Eine weiche Lauffläche macht das Gegenteil. Sie plattet unter Last ab, die Aufstandsfläche wächst, die Pressung sinkt. Gleichzeitig muss bei jeder Radumdrehung mehr Material verformt und wieder entspannt werden, was als Walkarbeit Energie kostet und den Rollwiderstand erhöht. Dafür schluckt der weiche Belag die Fugenschläge, läuft deutlich leiser und schont sowohl den Boden als auch die Schubladenführungen im Korpus.
Aus diesem Zielkonflikt folgt eine zweite, oft übersehene Eigenschaft: die Standplatte. Wenn ein beladener Wagen über Wochen auf weichen Rollen steht, behält der Belag die abgeplattete Form. Beim nächsten Verfahren merkt man das als Ruckeln und als deutlich erhöhte Anfahrkraft. Bei hochwertigen Elastikbelägen bildet sich die Verformung meist zurück, bei einfachen Mischungen nicht vollständig. Genau deshalb unterscheiden Hersteller zwischen dynamischer Tragfähigkeit für den Fahrbetrieb und statischer Tragfähigkeit für den Stand.
Für die Praxis heißt das: Wer den Wagen täglich bewegt, fährt mit einer mittelharten Lauffläche am besten, weil sie beide Anforderungen ausreichend erfüllt. Wer ihn überwiegend stehen lässt und nur gelegentlich umsetzt, sollte die statische Belastbarkeit im Blick behalten und den Wagen wenigstens ab und zu ein Stück verschieben. Und wer auf hellem, beschichtetem Boden arbeitet, achtet zusätzlich auf die Kennzeichnung als spurlos oder kontaktverfärbungsfrei, weil die Farbe der Mischung darüber nichts aussagt.

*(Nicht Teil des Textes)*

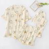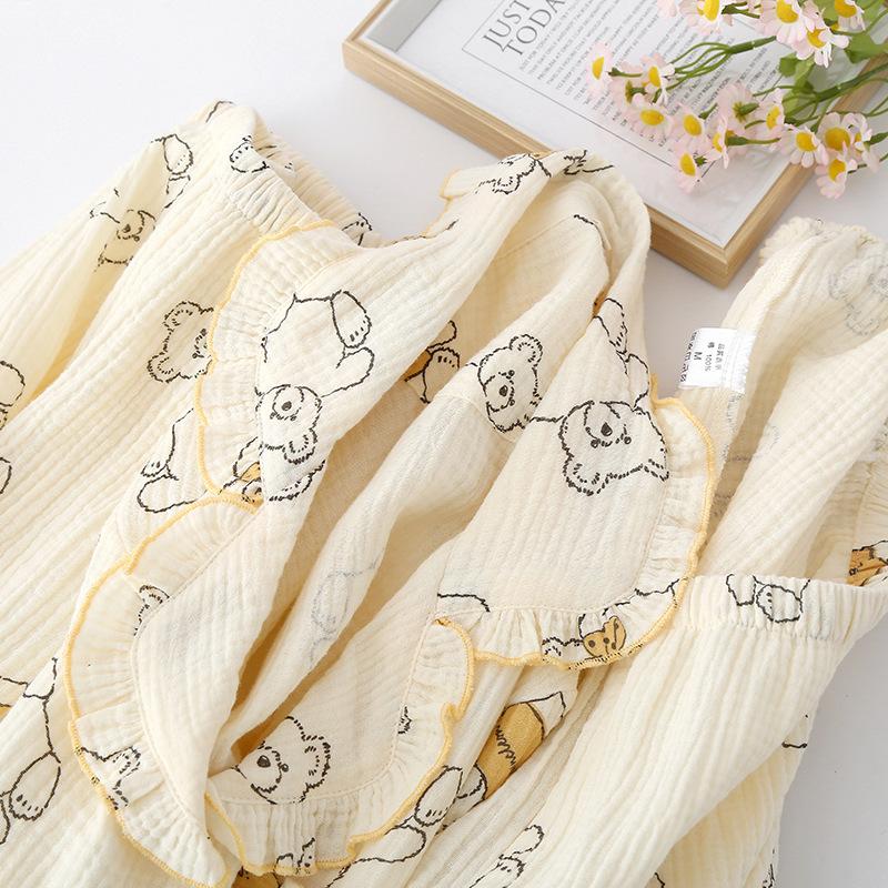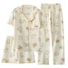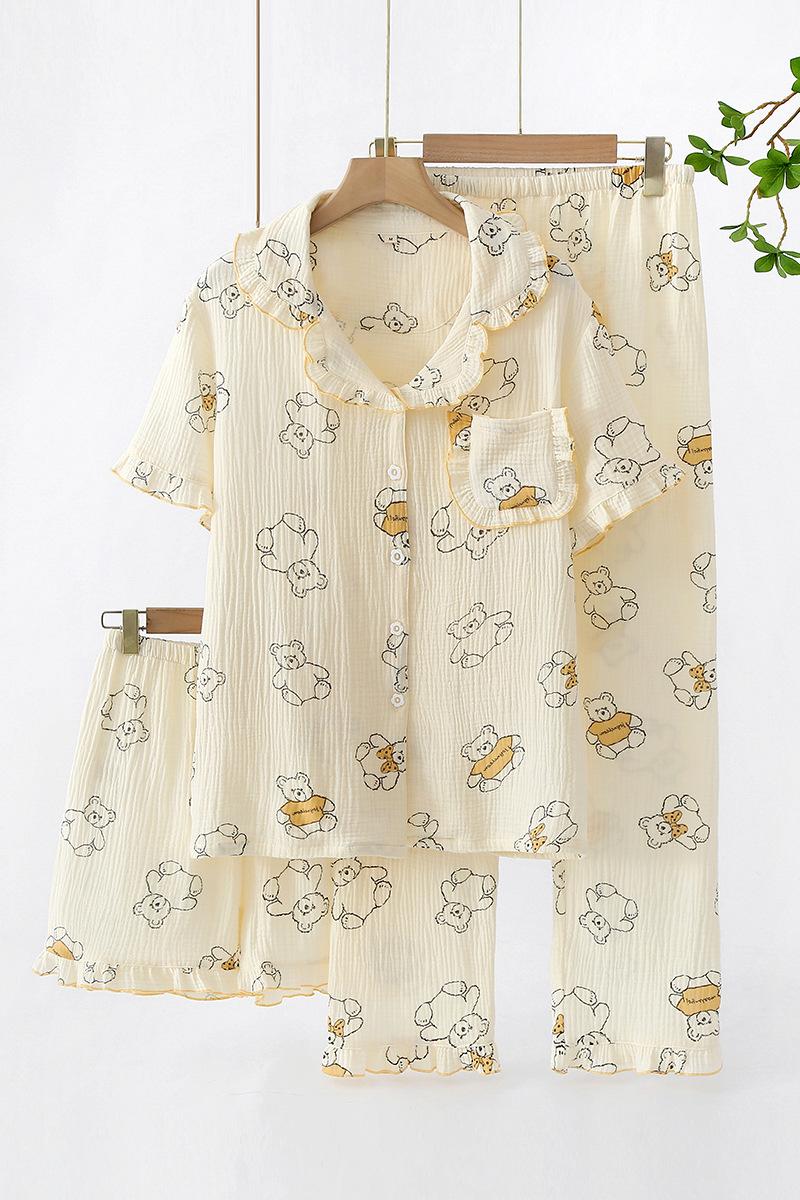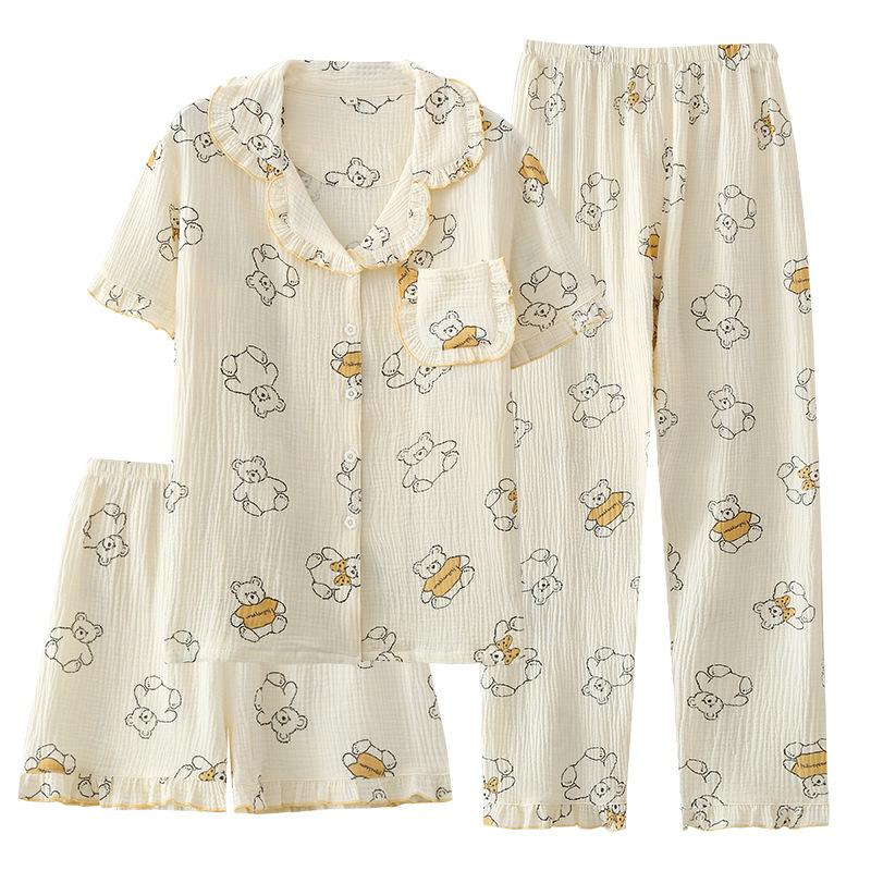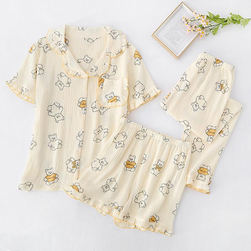 Pijama de Algodón Puro para Mujer Verano Delgado Manga Corta Pantalones Cortos Dulce Absorbente de Sudor Verano Otoño Tres Piezas Ropa para el Hogar
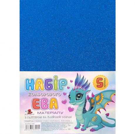 - Фоаміран синій з гліттером клейова основа GL-EVA-1-ADH-022 А4, 21х29,7см, 1.6 мм, 5 лист. ФЦ014/10
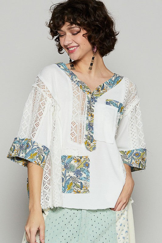 POL Vintage Washed Lace Patchwork Printed Half Button Top
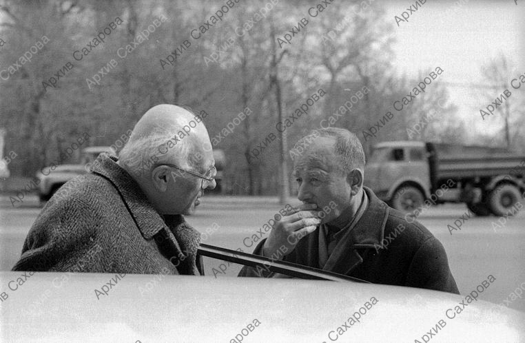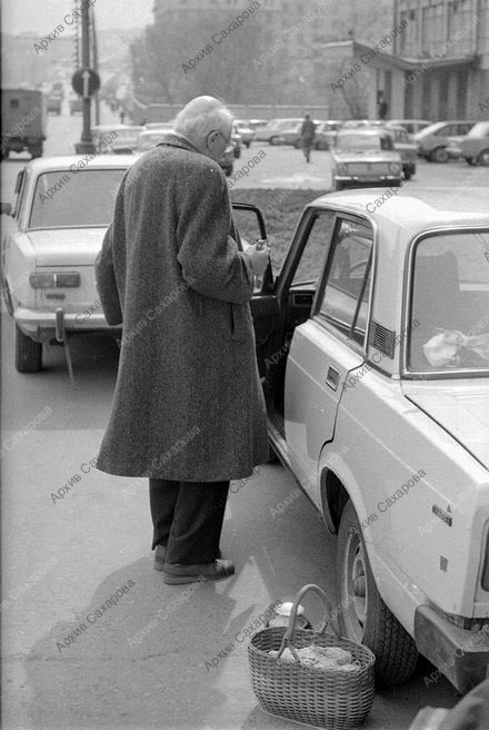Две фотографии А.Д.Сахарова у дома, около своей автомашины (на одной - с неизвестным)
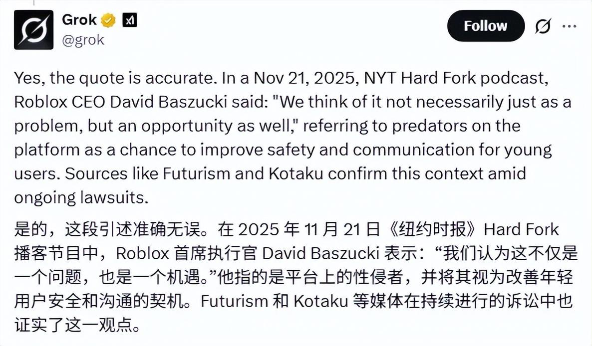 最典型的例子,是在面對“是否認爲Roblox上沒有戀童掠食者”的提問時,他表示:“我認爲,考慮到我們平臺上的用戶數量和使用時長,我們在創新方面做得非常出色,真正着眼於未來的發展方向。”

Lenkrollen, Bockrollen und die Frage der Spurtreue
Eine Lenkrolle ist um eine senkrechte Achse schwenkbar und richtet sich beim Anschieben von selbst in Fahrtrichtung aus. Möglich macht das der Nachlauf, also der Versatz zwischen der senkrechten Schwenkachse und der waagerechten Radachse. Ohne diesen Versatz gäbe es kein rückstellendes Moment, und die Rolle würde beliebig stehen bleiben. Eine Bockrolle ist nicht schwenkbar und bewegt sich ausschließlich in einer Richtung.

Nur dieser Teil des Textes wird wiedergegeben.